Еще на подъезде к острову я обратил внимание на группу боевых кораблей: три из них неусыпно охраняли акваторию пристани, еще несколько курсировали вокруг его берегов. Трудно было поверить, что они стерегут не военную базу или крепость с золотым запасом банка Англии, а одного человека, который к тому же давно смирился со своей судьбой и даже не помышлял о побеге.
На берегу меня и мой нехитрый багаж несколько раз тщательно обыскали. Даже вскрыли стенки кожаного саквояжа, чтобы внутри них не оказалось тайного послания Бонапарту. Просмотрели на свет все мои бумаги, удостоверившись в отсутствии на них скрытых водяных знаков.
Наконец мне разрешили занять место в двуколке в сопровождении английских солдат. Зрительно казалось, что скалы, на которых находилась резиденция Лонгвуд, были рядом, но по кривым узеньким тропинкам, наполненным скользкой щебенкой, наш путь наверх занял более часа.

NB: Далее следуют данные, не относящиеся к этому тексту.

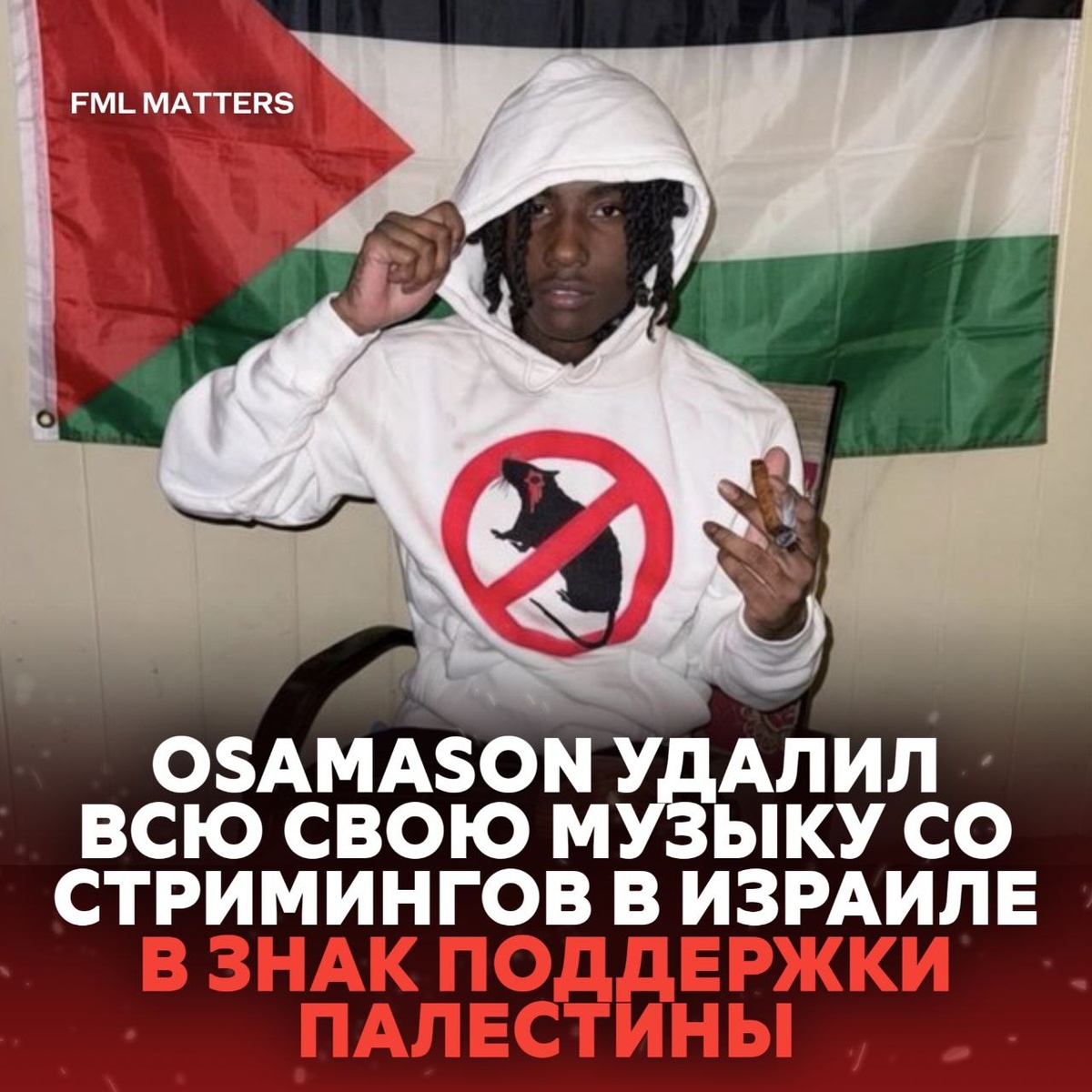 ! Рэпер сделал резкий политический жест, удалив весь свой каталог со стриминговых платформ на территории Израиля. Этот шаг, по всей видимости, является актом солидарности и поддержки Палестины. 💀 FML MATTERS

Даже оказавшись у дома, в котором проживал Бонапарт с обслугой, мне не разрешили встретиться с ним немедленно. Меня и мои вещи повторно обыскали, затем провели краткий инструктаж о том, что в случае любой моей попытки оказать узнику помощь в побеге меня немедленно арестуют и отправят на суд в Англию в кандалах. Я переночевал в небольшой угловой комнате одного из подсобных зданий. Если днем, несмотря на ветер и дождь, остров Святой Елены все-таки произвел на меня скорее живописное (хотя и мрачноватое) впечатление, то ночью я ощутил сполна все его истинные «прелести». В комнате было невыносимо сыро, дышать приходилось с усилием, сон долго не приходил. Постель также была сырой, с потолка время от времени сыпались кусочки известки, а за стеной, в кладовой, где хранилась еда, явственно слышалась возня многочисленных крыс. Отключиться кое-как на пару часов удалось лишь на рассвете. Еда была терпимой, но без изысков: вечером мне принесли тощую куриную грудку с засохшим куском козьего сыра и бокалом вина, на две трети разведенного водой; утром была безвкусная жидкая кашица и кусок хлеба, намазанный приторным желе из какого-то местного фрукта.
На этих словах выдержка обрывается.